The most interesting thing to add to this now is something called butyrate. It’s a short-chain fatty acid that these probiotics actually make. And it’s super important for gut health, and actually can feed into beta-hydroxybutyrate, which is ketones, which is a whole other discussion. But it’s really cool that you can get butyrate now on the market. And the best form is a triglyceride form called tributyrin. And when you put them all together, these prebiotics, the probiotics, and the butyrate, the postbiotic as it’s called, then you get something called a synbiotic because they’re all working together to help with your gut health and reshape that gut. But we do need a lot more research on what specific strains to take.

There was just some data I read today that cardiovascular disease, they can actually use some markers of the gut microbiome and see that if you have these certain strains in this ratio, that your propensity to get cardiovascular disease is much greater. So there’s so much research that we need, and it’s a little confusing right now. But I’d say it’s still important to try and get a quality synbiotic, if you can, from a good company. Let’s see what else do I got? I’m thinking, if immune system is a big deal from time to time, I do boost up my zinc. I do take certainly extra D3. Depending on how much sun I’m getting, D3 is very important. Taking that oil form, and if you consume it with a fatty meal or take it with other oil, it’s better absorbed. I also like getting my D3 with K2. They’re very synergistic and work well together. I think you should get at least 5,000 IUs a day. If you’re not getting outside, then 10,000 IUs. And that’s helpful.

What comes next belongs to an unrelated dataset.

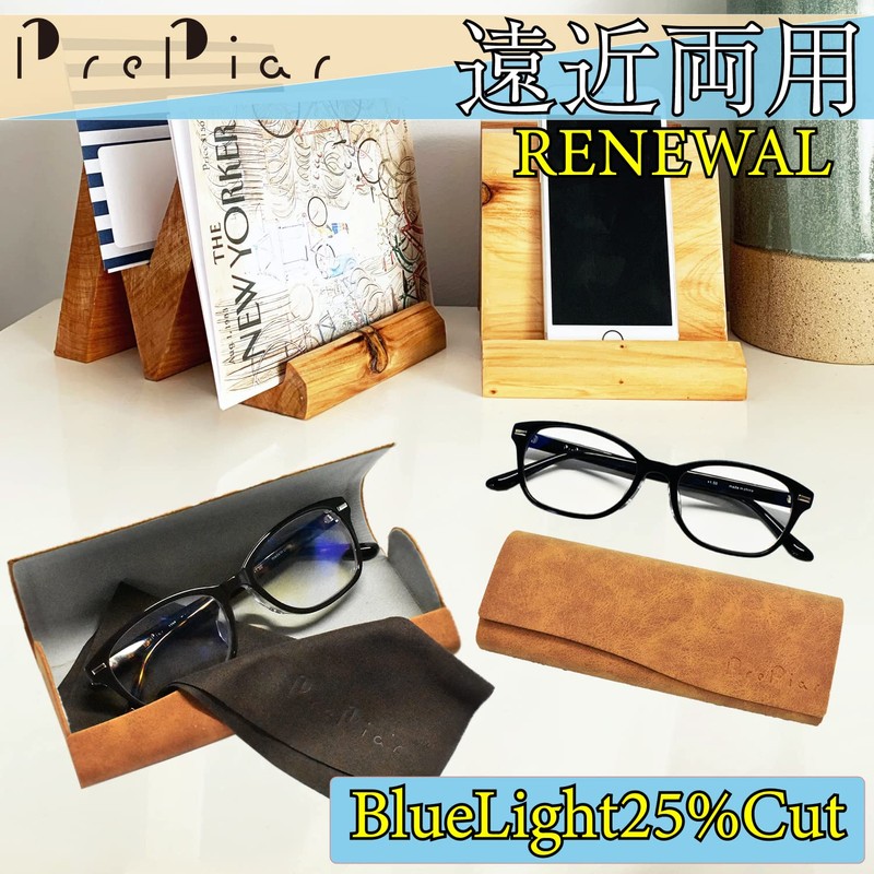 PrePiar 老眼鏡 遠近両用 2.0 累進多焦点 ブルーライトカット ネイビー 3ヶ月保証 シニアグラス メンズ レディース おしゃれ メガネ

And then there is a compound called AHCC from mushrooms that is really expensive. And for me, when I’m crashing with my autoimmunity, it doesn’t happen much anymore, but if I’m really overflowing on that bucket, I have, like, some red eye flight and I’ve got a speech the next day, and whatever whatever, like this AHCC brings me back every time. It’s a little pricey but it works. There’s also an amino acid that’s actually cheap that helps too, called lysine. So those are some kind of autoimmunity hacks. And I like taking additional magnesium because we’re just so deficient in it. And most multis don’t have enough. Magnesium glycinate is my favorite. It helps with regularity. It helps with muscle contraction. It helps with sleep, immunity, so many things. And vitamin C is an incredible vitamin and antioxidants. I like the liposomal form of vitamin C and taking a higher dose. It’s hard to go above a gram of regular vitamin C because you just get GI distress. But, you know, if you can’t get in and get IV vitamin C, like once a month or something like that, where you can knock out all kinds of pathogens, at least taking a liposomal vitamin C is ideal. So that would be some of my big guns there.

Katie: Awesome. I’m over here taking notes. And I have at least one more topic I definitely wanna delve into if you still have a few minutes.

Shawn: Yeah, of course.

Katie: Another just quick follow up question. I have heard from quite a few readers and I have experienced this myself to some degree. When I start trying to ramp up my magnesium dose, I will sometimes get, like, skin rashes. Any idea what’s going on there? Even with the magnesium glycinate form, is that…? I’ve heard it potentially could be a histamine issue. Do you think this is a source issue or what would you…? Any idea on that?

Shawn: It does sound like a histamine issue. And histamine is so fascinating. It’s something I’ve been studying quite a bit lately. Like, you know, the antihistamines tend to take your energy down. Like, if you think of Benadryl, and I don’t know if you know… Like, have you ever used like Provigil or Nuvigil. It’s also called Modafinil. It helps with, like, alertness. It’s one of the most popular nootropics or study drugs out there that actually works on that histamine pathway. And histamine has a lot to do with alertness and wakefulness. But yeah, there’s a lot of, like, broken histamine pathway stuff that we have, that certainly can tie into things like leaky gut and there’s even leaky brain now, like I was talking about, that gut-brain access. But where these things that are passing through the blood-brain barrier in the brain that shouldn’t be or things that are passing through what should be tight junctions in the gut that shouldn’t be and are inflammatory. And so sometimes, yes, like, if you’re getting supplements maybe that aren’t the cleanest, like maybe it’s coming from a facility that has certain things that are allergic triggers for you, like, think of like tree nuts or, you know, gluten or whatever that could be in there, that’s possible. And it just depends on not only on the outside of it but, like, the powders. Like, what was it that they just processed, just before that magnesium? And especially if it’s a tablet. You know, like, there’s the binders and fillers in tablets add some complexity too. So, that’s where that whole, like, really high-end GMP thing makes a big difference.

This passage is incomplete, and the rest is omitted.